QUIZ: Do You Have A Good Relationship With Food?

What does having a “good relationship” with food mean? Nutrition experts say you can get an idea of whether your relationship with food is “healthy” by seeing how many of these you can say “yes” to. Are you:

  • In tune with your body cues, so you’re aware when you’re hungry, when you’re not and when you feel full?
  • Eating appropriate amounts of food and a variety of foods in all food groups, so your nutrient, health and well-being needs are being met?
  • Comfortable eating with others as well as eating along?
  • Able to enjoy food without feeling guilty or it controlling your life?

If you answer no to a lot of those, you may need to work on improving your relationship with food. It could be that you use food as a coping mechanism to deal with negative emotions.
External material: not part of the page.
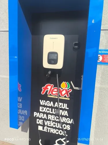 Carregador de 11 kWh em posto de combustível. Funciona 24 horas, 7 dias da semana.
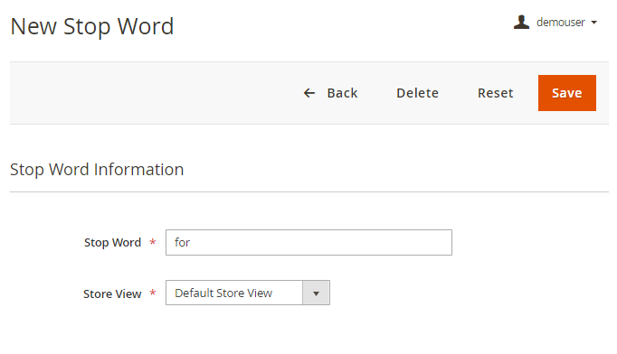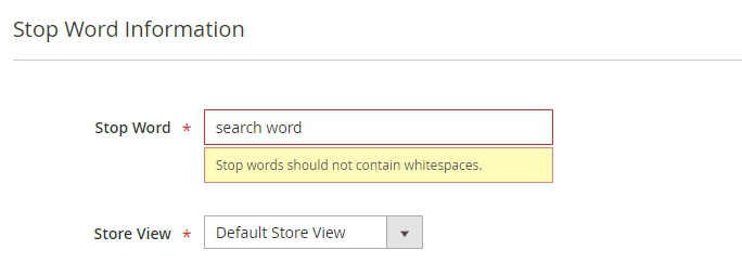Click Add New Stop Word. Specify a Stop Word and Store View for the word to be applied.

Fortunately, there are things we can do to develop a healthy relationship with food, including:

  • Keep a “food mood” diary - Write down when and where you eat and drink, who you’re with, what you’re doing and how it makes you feel. This helps you become more aware of emotions like stress and anxiety and feelings that can influence eating and drinking.
  • Reflect on what you write - Pay close attention to the “why” you’re eating when you eat. If it’s because of a low mood or other emotions, come up with activities to do instead of eating, like going for a walk, reaching out to a friend or listening to music.
  • Practice mindful eating - This involves slowing down so you’re very aware of what’s going on in your body and mind while you eat and drink. With mindful eating, you pay attention to whether you’re really hungry, or emotions are triggering it.
  • Learn about your nutrient needs - Understanding the specific vitamins and minerals your body needs, instead of just thinking of food as “good” or “bad” can help you let go of the guilt.
  • Focus on getting enjoyment from food - You can cut back on mindless eating by paying attention to the pleasure you get from preparing and sharing food with others. Focusing on the sensory aspects of food and the way it makes you feel can help with emotional eating as well.